What is expected:
Exactly the lines from the first line of the records to the line holding "Elegant vit blus" should be duplicated, and nothing more; pictures stay out.

Records for the task section start

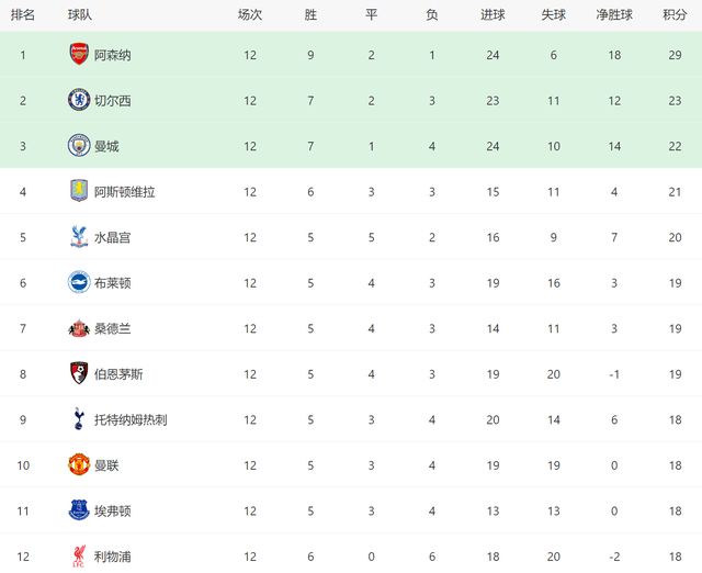 随着曼联0-1埃弗顿,英超第12轮结束了所有比赛,最新积分榜如下
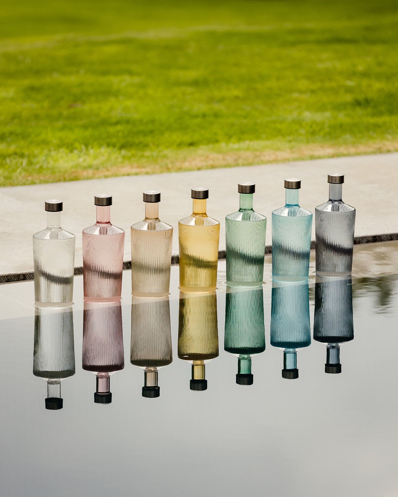 Kombinieren Sie die Flasche mit farbigen Gläsern für einen lebendigen und nachhaltigen Look.
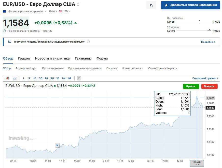 Подорожчання євро в Україні пов'язане з курсовими стрибками в парі євро/долар на світовому ринку. Сьогоднішній пік склав 1,1632, і його НБУ ще не врахував у своєму офіційному курсі, інакше той досяг би 48,3 грн/€.
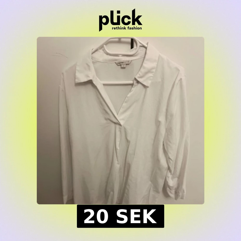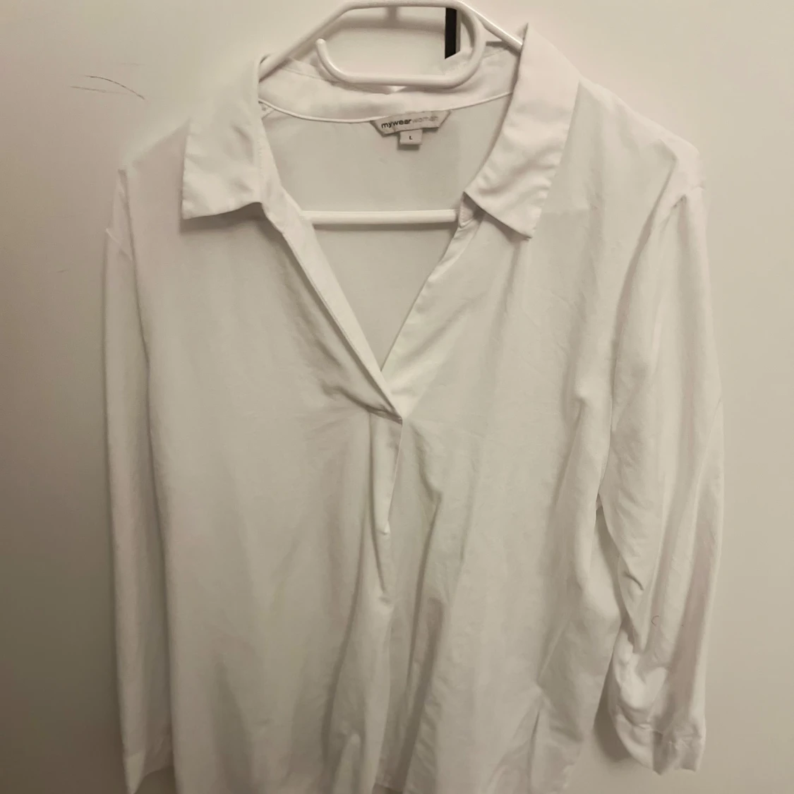 Elegant vit blus med en klassisk krage och v-ringning. Blusen har trekvartsärmar och är tillverkad i ett mjukt material som ger en stilren look. Perfekt för en chic och minimalistisk stil.
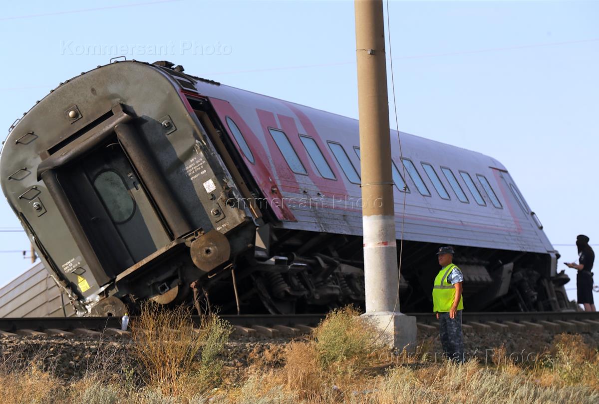 Вагоны пассажирского поезда "Казань-Адлер", сошедшего с рельсов в Котельниковском районе Волгоградской области из-за столкновения с автомобилем "КамАЗ" на железнодорожном переезде.
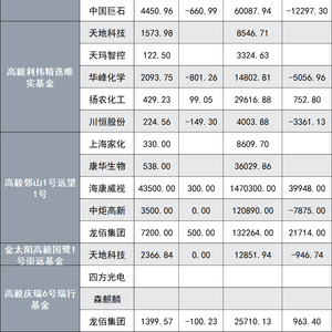 此外,邱国鹭管理的金太阳高毅国鹭1号崇远基金三季度持有天地科技2366.84万股,与上季度保持不变;孙庆瑞执掌的高毅庆瑞6号瑞行基金三季度减持龙佰集团100.23万股,四方光电、森麒麟前十大流通股东名单已经不见该产品身影;卓利伟管理的高毅利伟精选唯实基金三季度分别减持华峰化学、川恒股份801.26万股、149.30万股,他还增持扬农化工99.05万股,持股市值近3亿元。
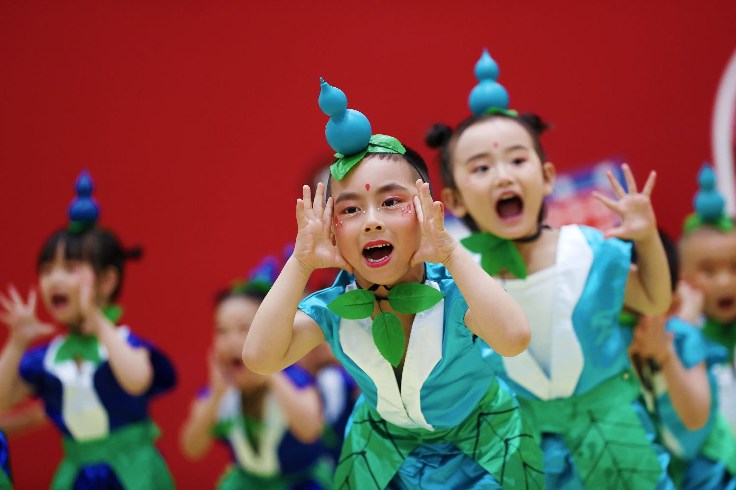 5月29日,重庆市黔江区妇联幼儿园的小朋友在表演情景剧《葫芦娃》。(新华社)
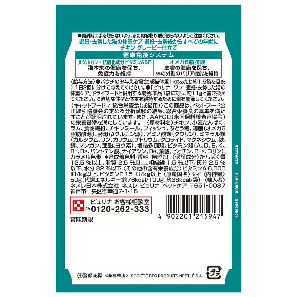 ピュリナワンキャット パウチ 避妊去勢した猫の体重ケア チキングレービー仕立て50g
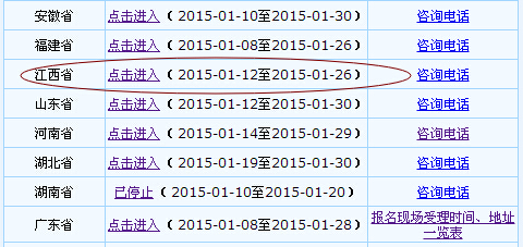 江西省2015年初級(jí)會(huì)計(jì)職稱網(wǎng)上報(bào)名時(shí)間為1月12日-26日,請(qǐng)登陸江西省財(cái)政廳綜合信息網(wǎng)(http://www.jxf.gov.cn)或江西會(huì)計(jì)網(wǎng)(http://acc.jxf.gov.cn)會(huì)計(jì)專業(yè)技術(shù)資格考試報(bào)名入口。
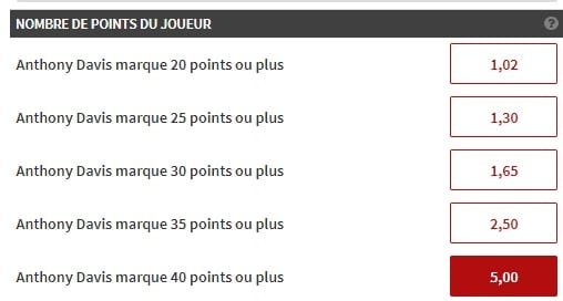 Aujourd’hui on va miser sur un des hommes en forme du moment : Anthony Davis. Il fait bien sûr un gros début de saison et ce soir face aux Nets, il devrait poser encore d’énormes soucis à la défense. Bien épaulé depuis le début de saison, on le voit en mode « je vous porte sur mes épaules » ce soir face à des Nets toujours coriaces. Il y a quelques jours on l’avait proposé pour le pari risqué et s’était passé à un point. Ce soir on va prendre un gros risque en espérant qu’il marque au moins 40 points.
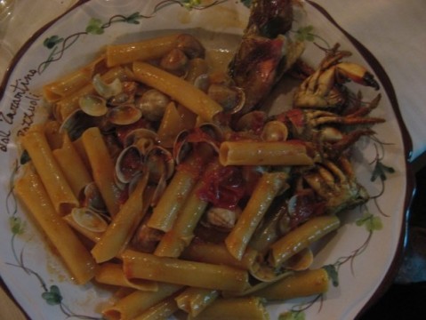 300 gr. di candele, 800 gr. di scorfano, 2 granchi di media grandezza, 500 gr. di lupini, 500 gr. di pomodorini del piennolo, uno spicchio d’aglio, olio extravergine d’oliva e sale q.b.
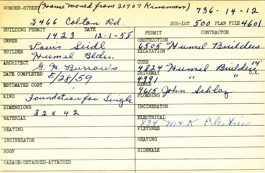 3466 Colton Road Shaker Heights, OH 44122 PARCEL ID: 736-14-012 Building Permit Date: 12-01-1958 Plan File Number: 4601 Microfilm Roll: Roll#65 Neighborhood: Mercer Owner: Seidl, Louis Builder: Humel Builders Architect: Burrows, George H. Date Completed: 05-28-1959 Kind: Single, Single Residence or Dwelling |
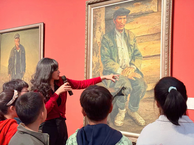 活动伊始,于莉老师带领孩子们走进画展核心展区。她以“色彩与笔触里的生命温度”为切入点,引领孩子们赏析每一幅作品。画家未用华丽配色,却以质朴笔触让画中人物眼里的光鲜活灵动,这正是“朴质的诗性”的精髓——无需刻意装饰,真实生活本身即是美。大学生志愿者们蹲身陪伴,为孩子们细致指认画面细节:皲裂的手掌、沾着泥土的裤脚、被风吹乱的围巾……这些“不完美”的细节,在于莉老师的解读中成为“生活最生动的注脚”,让孩子们读懂了平凡生命里积极向上的生活态度,完成了一场深刻的生命启迪。
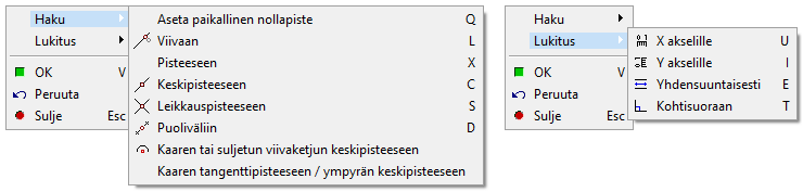 Vie kohdistin viivan/pisteen lähelle ja valitse aputoiminto tai paina näppäintä:
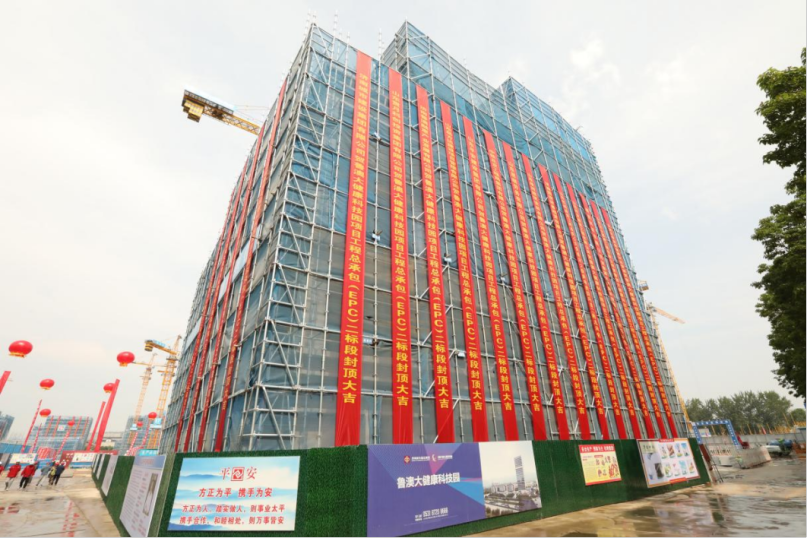 魯澳大健康科技園是山東省與澳門(mén)在中醫(yī)藥領(lǐng)域合作的核心平臺(tái),由濟(jì)南市、山東中醫(yī)藥大學(xué)、澳門(mén)科技大學(xué)三方聯(lián)手打造。項(xiàng)目位于長(zhǎng)清區(qū)大學(xué)路,總建筑面積19.6萬(wàn)㎡,是建設(shè)集團(tuán)產(chǎn)業(yè)園經(jīng)濟(jì)產(chǎn)業(yè)鏈?zhǔn)着?xiàng)目,由所屬山東貫月科創(chuàng)投資集團(tuán)投資建設(shè)。項(xiàng)目共分為兩個(gè)標(biāo)段,當(dāng)前封頂?shù)膶儆诙?biāo)段。
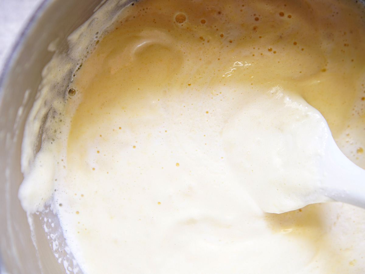 35℃になったら湯煎から下ろし、泡立て器でもったりするまで泡立てます。
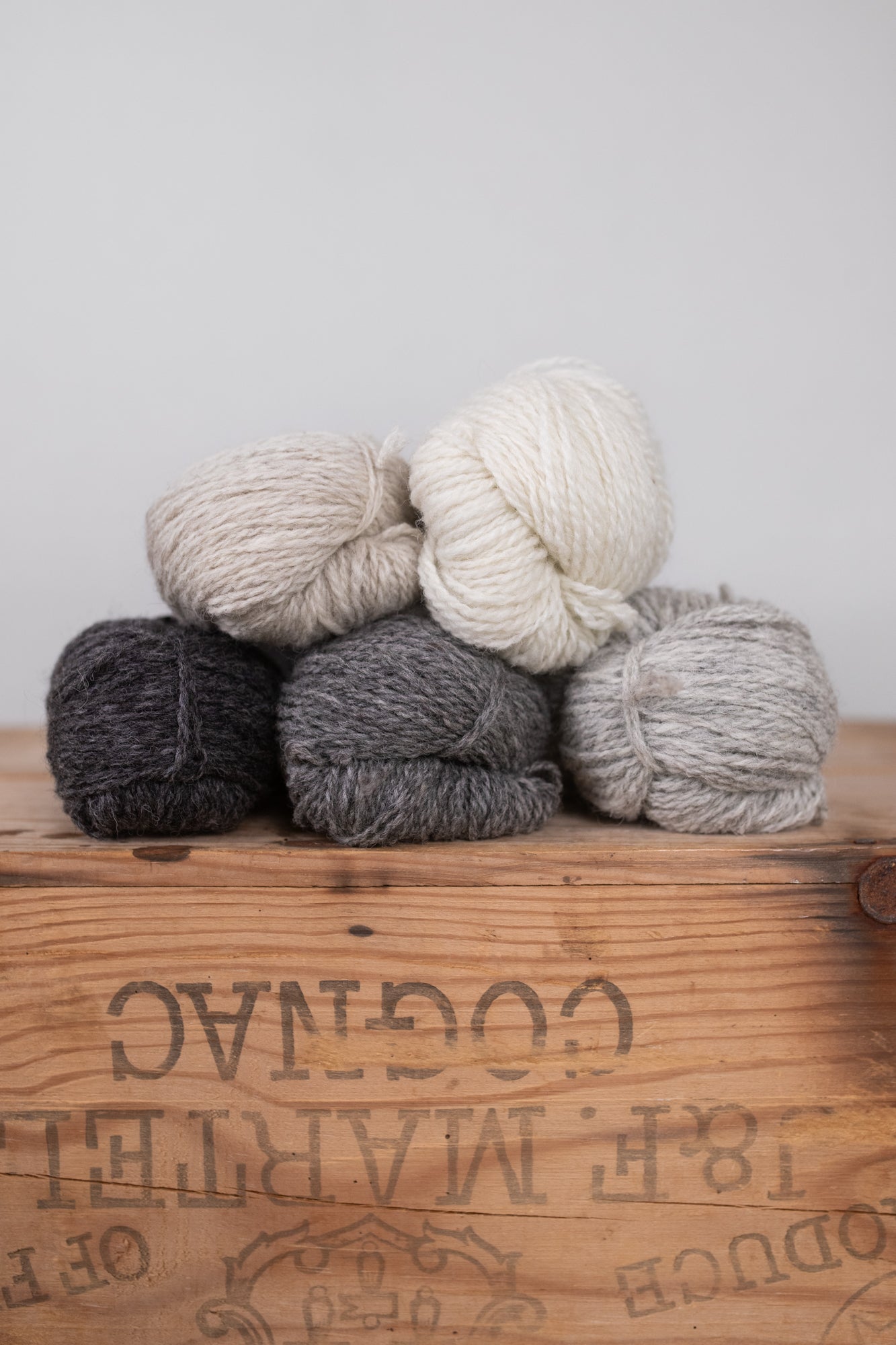 Processed in a mill in England’s historical textile region of West Yorkshire, Lore is made of 100% lambswool from the Romney sheep breed also referred to locally as Kent lamb. It is an honest woolen spun DK weight yarn that blooms into a beautiful knitted fabric after washing. Garments made from Lore will wear well and are perfect for everyday and special adventures alike. Lore has a nice stitch definition for cabled pullovers or slouchy hats, and lends itself very well to colourwork projects.
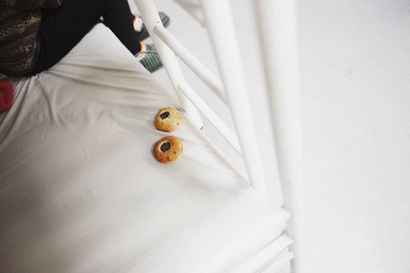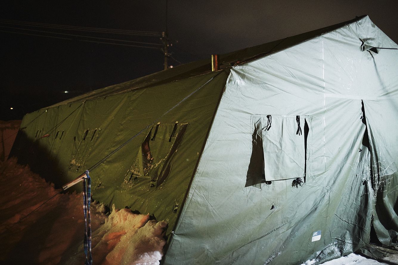 В какой-то момент Саша находит на снегу свои следы, ведущие к забору кладбища Памяти жертв 9 января, и сворачивает туда. Пролезаем с ним под забором, пробираемся сквозь ветки. Саша не привык водить гостей, поэтому ветки за собой не придерживает — позади него они отстреливают в лицо. Пройдя пару метров, он внезапно говорит, что мы уже у него дома. На снегу лежат мандарин, пара пластиковых бутылок, бежевое тонкое одеяло, накрытое черной тканью — ею Саша укрывается. Конструкцию своего дома он называет «палаткой».
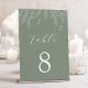 Lleva a sus huéspedes a sus mesas con un encanto sofisticado utilizando este número de mesa personalizado, con elegantes productos botánicos dibujados a mano. El frondoso fondo verde sabio da una serena tela al delicado follaje blanco, creando un acento armonioso y acogedor para la recepción. Este exquisito arte botánico aporta un toque orgánico, realzando a la perfección su decoración boda con una elegancia sobria.
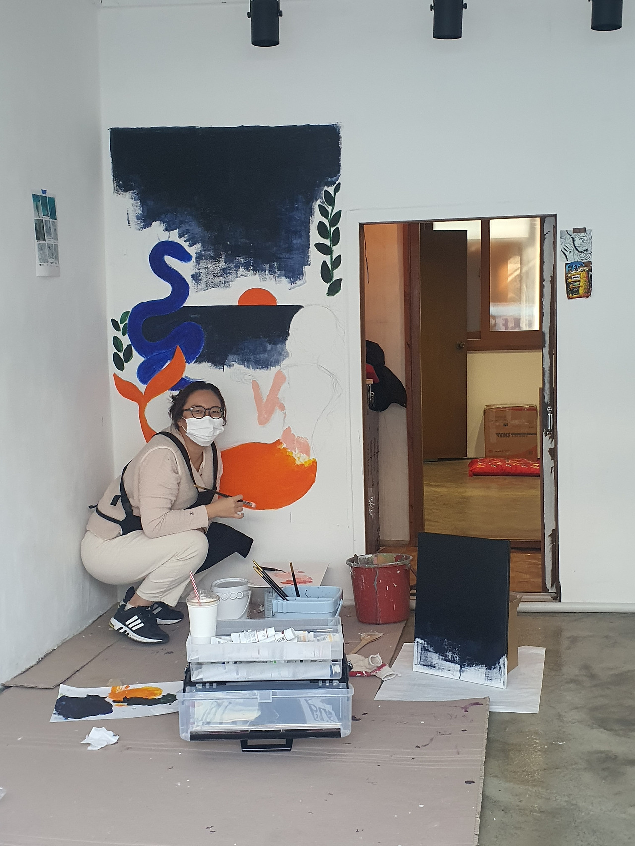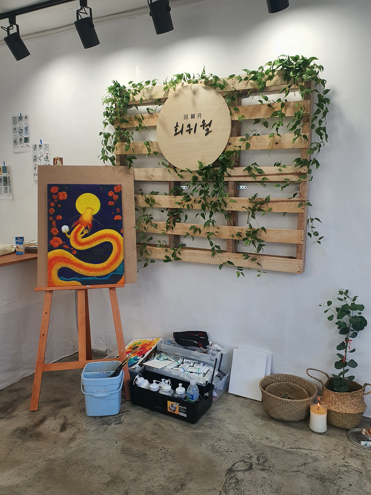 연 : 붓을 다시 잡으며 "나로 돌아간다"라고 느끼는 것 같아요. 달이 궤도를 돌며 온연한 제 모습을 되찾는 것처럼요. 그래서 이 곳 <회귀월>이 내 삶을 재창조하는 공간이 되길 바라요. 저는 아크릴 물감을 주로 쓰는데, 아크릴의 특징은 덮어서 다시 그릴 수 있다는 거예요. 과거의 힘들었던 것들을 지울 수 있다면 지워보고, 재창조할 수 있는 그런 계기가 되면 좋겠어요.
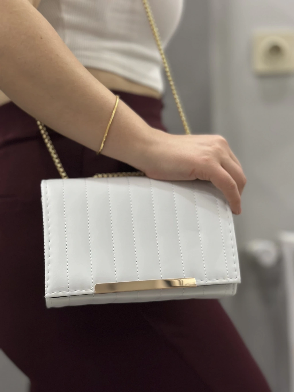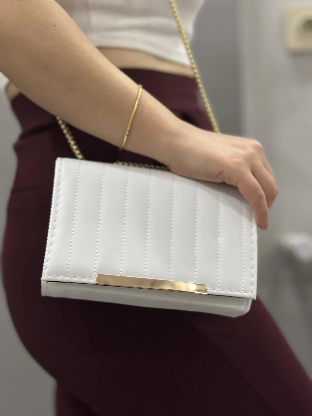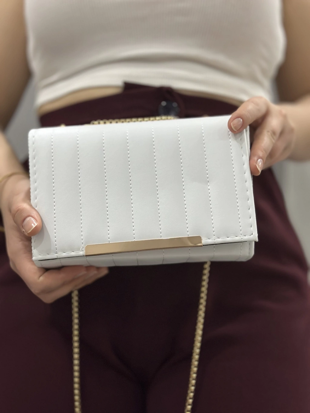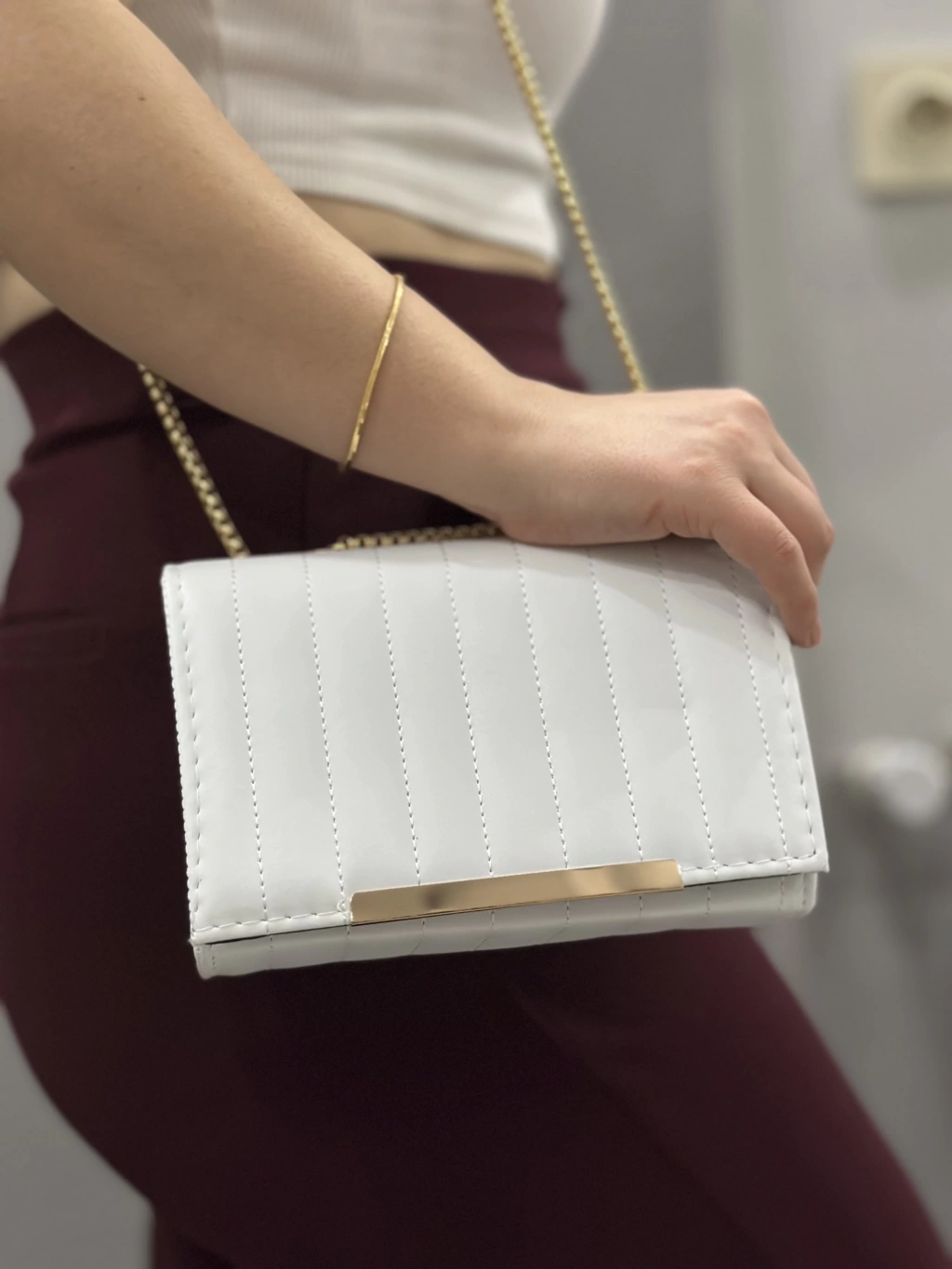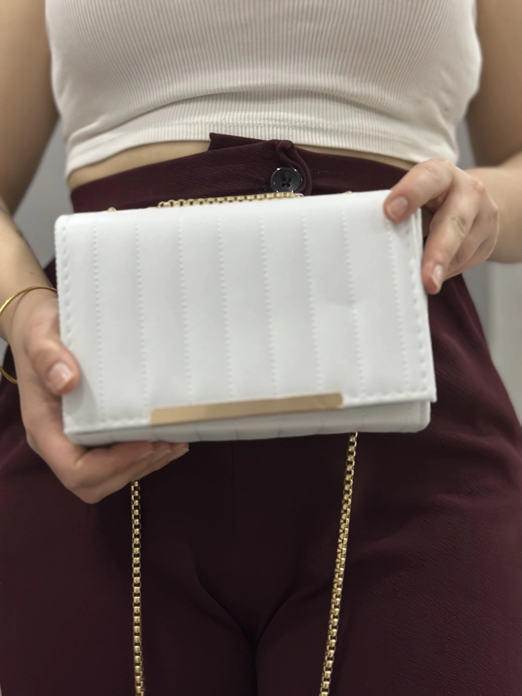Cessi Beyaz Cilt Çanta, günlük hayatta ve özel günlerde kullanabileceğiniz şık ve fonksiyonel bir aksesuardır. Klasik ve zamansız tasarımıyla her an yanınızda şıklığı taşıyabilirsiniz.

Records for the task section end

Final answer:
 随着曼联0-1埃弗顿,英超第12轮结束了所有比赛,最新积分榜如下
 Kombinieren Sie die Flasche mit farbigen Gläsern für einen lebendigen und nachhaltigen Look.
 Подорожчання євро в Україні пов'язане з курсовими стрибками в парі євро/долар на світовому ринку. Сьогоднішній пік склав 1,1632, і його НБУ ще не врахував у своєму офіційному курсі, інакше той досяг би 48,3 грн/€.
 Elegant vit blus med en klassisk krage och v-ringning. Blusen har trekvartsärmar och är tillverkad i ett mjukt material som ger en stilren look. Perfekt för en chic och minimalistisk stil.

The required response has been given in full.